→ **DIRECTIONS**
Range to copy from the entries below: the line containing "Hello, Anxiety. |" through the line containing "저번 3코스, 5코스", inclusive. Retype only those lines, exactly, without any images.

→ **DATA UNDER STUDY**
-- -- --
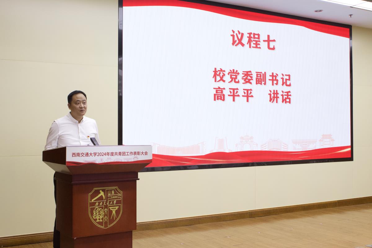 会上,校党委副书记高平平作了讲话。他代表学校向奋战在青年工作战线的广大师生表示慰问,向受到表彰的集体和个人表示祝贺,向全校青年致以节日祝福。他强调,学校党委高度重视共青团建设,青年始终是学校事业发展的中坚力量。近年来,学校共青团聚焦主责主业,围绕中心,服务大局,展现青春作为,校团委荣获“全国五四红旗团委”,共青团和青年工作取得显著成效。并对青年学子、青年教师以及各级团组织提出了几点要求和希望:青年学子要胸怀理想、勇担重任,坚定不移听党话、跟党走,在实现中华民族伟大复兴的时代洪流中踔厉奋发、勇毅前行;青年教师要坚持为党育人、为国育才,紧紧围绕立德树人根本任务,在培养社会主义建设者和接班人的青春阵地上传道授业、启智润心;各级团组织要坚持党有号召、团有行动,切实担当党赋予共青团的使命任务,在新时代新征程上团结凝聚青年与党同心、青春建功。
-- -- --
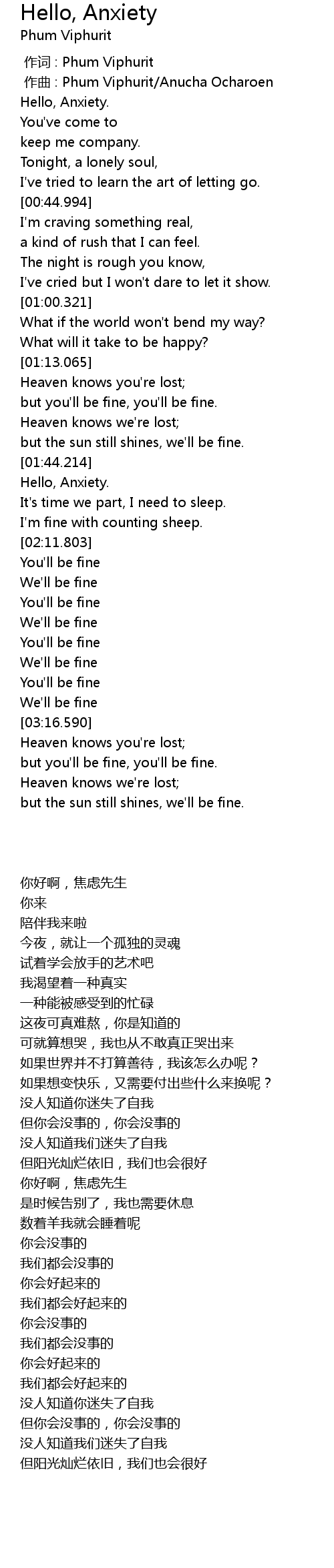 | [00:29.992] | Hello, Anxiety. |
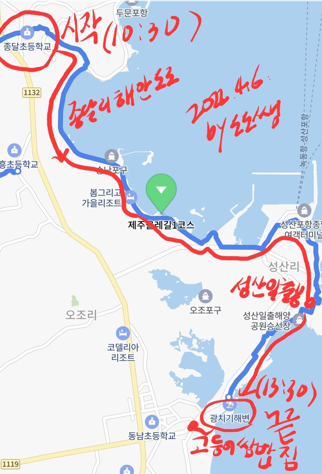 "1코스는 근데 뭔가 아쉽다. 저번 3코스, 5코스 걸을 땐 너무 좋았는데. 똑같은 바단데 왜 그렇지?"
-- -- --
→ **RESULT**
 | [00:29.992] | Hello, Anxiety. |
 "1코스는 근데 뭔가 아쉽다. 저번 3코스, 5코스 걸을 땐 너무 좋았는데. 똑같은 바단데 왜 그렇지?"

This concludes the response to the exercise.